Tuesday, December 19, 2006

Brownback's Brain

[Posted by reader_iam]

Some of the "thinking" demonstrated in this article is why I would have serious problems with Sen. Sam Brownback as a presidential candidate. Brownback has agreed to remove his block on a judicial nomination to the federal bench, which was also holding up action on more than a dozen other nominees (!). He had blocked the nomination because Judge Janet Neff had attended the same-sex commitment ceremony of a long-time friend and neighbor.
Mr. Brownback, who has been criticized for blocking the nomination, said he would also no longer press a proposed solution he offered on Dec. 8 that garnered even more criticism: that he would remove his block if Judge Neff agreed to recuse herself from all cases involving same-sex unions.

In an interview last week, Mr. Brownback said that he still believed Judge Neff’s behavior raised serious questions about her impartiality and that he was likely to vote against her. But he said he did not realize his proposal — asking a nominee to agree in advance to remove herself from deciding a whole category of cases — was so unusual as to be possibly unprecedented. Legal scholars said it raised constitutional questions of separation of powers for a senator to demand that a judge commit to behavior on the bench in exchange for a vote.

He didn't realize the request was unusual and inappropriate? That says a lot about his thinking skills and judgment. And if he had no one on his staff smart enough to figure that out, or comfortable enough to question Brownback's thinking, then that says something about the level and type of people with which one could assume he'd surround himself.
Mr. Brownback said that he believed Judge Neff’s attendance at the 2002 ceremony merited further investigation, but that he had not meant to set any precedent with his proposal. “It was the last day of the session and I was just trying to provide some accommodation to see if we could make this thing go forward,” he said.

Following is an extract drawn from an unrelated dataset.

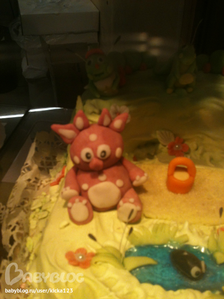 Рядом с моим домом есть один сетевой магазин и там продается вот такое нечто,если кто не узнал это лунтик и компания.Это нечто продается по 1120руб за кг,без фигурок просто обтянутый мастикой торт,а фигурки по 100руб за штучку.А вот и они,красотищаааааааа........

He said that “this is a big hot-button issue” and that Judge Neff had not made it clear that her presence at the ceremony did not mean she could not rule without bias in deciding cases involving same-sex unions. “I’d like to know more factually about what took place,” he said.

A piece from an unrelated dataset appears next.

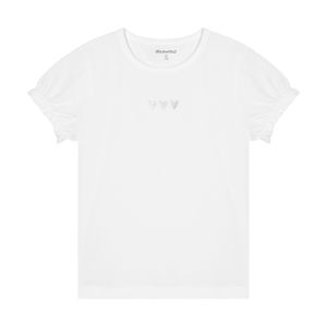 "Stylish and comfortable cotton girls' T-shirt with puffed shoulders and a back hem."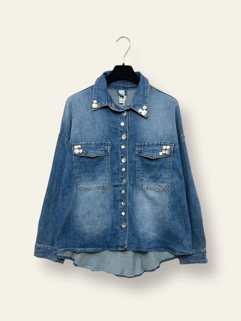 Descrizione Camicia in jeans più lunga dietro con bottoni effetto madreperla

Further "investigation"? "Like to know more factually about what took place"? Judge Neff explained the circumstances. How does he want to "investigate"--interview all of the attendees? Scrutinize any photos and videotapes taken that day? What "facts"? What does he want to know? Whether Neff, who didn't perform the (symbolic only) ceremony but did contribute a homily, failed to slip in some disapproving, you're-going-to-hell message? Whether she congratulated the long-term friend of her family too enthusiastically about her happiness? What is he talking about? His attempt to put an investigative, "we-need-to-know-more" figleaf on his opposition is simply laughable. He should know it's laughable. I would say it's laughable to think of a man who doesn't know it's laughable as a serious presidential candidate, except that it's just not a funny thought.

Another thing that doesn't pass the laugh test is the implication that Brownback thinks judicial nominees whose personal beliefs comport with his own should be taken at their word when they say they won't be guided by their private views, but not those whose beliefs differ.
On Oct. 12, Judge Neff answered a long list of written questions from Mr. Brownback. In her letter, she said she would decide any cases that came before her according to the law and the Constitution and would not be guided by her personal views. That is the same pledge that several conservative Republican judicial nominees made when asked whether their blunt personal statements opposing abortion rights and same-sex marriages would affect their performance on the bench.

Brownback supported those nominations, of course. Guess he had all the "facts" he needed.

If Brownback doesn't want to vote for Neff because she doesn't reflect his beliefs or that of his constituency (in the larger sense), fine. If he wants to question her during hearings as to whether she took TWO sips of champagne during the ceremonial toast and what that really means, fine. He'll look like an ass, but fine. But to hold up a whole block of nominees; to request that a judge take an unethical, inappropriate pledge; and then try to say he just needed more time for an "investigation" into the "facts" of an event the judge attended in her private life?

Puh-leeze. How dumb does he "think" we are?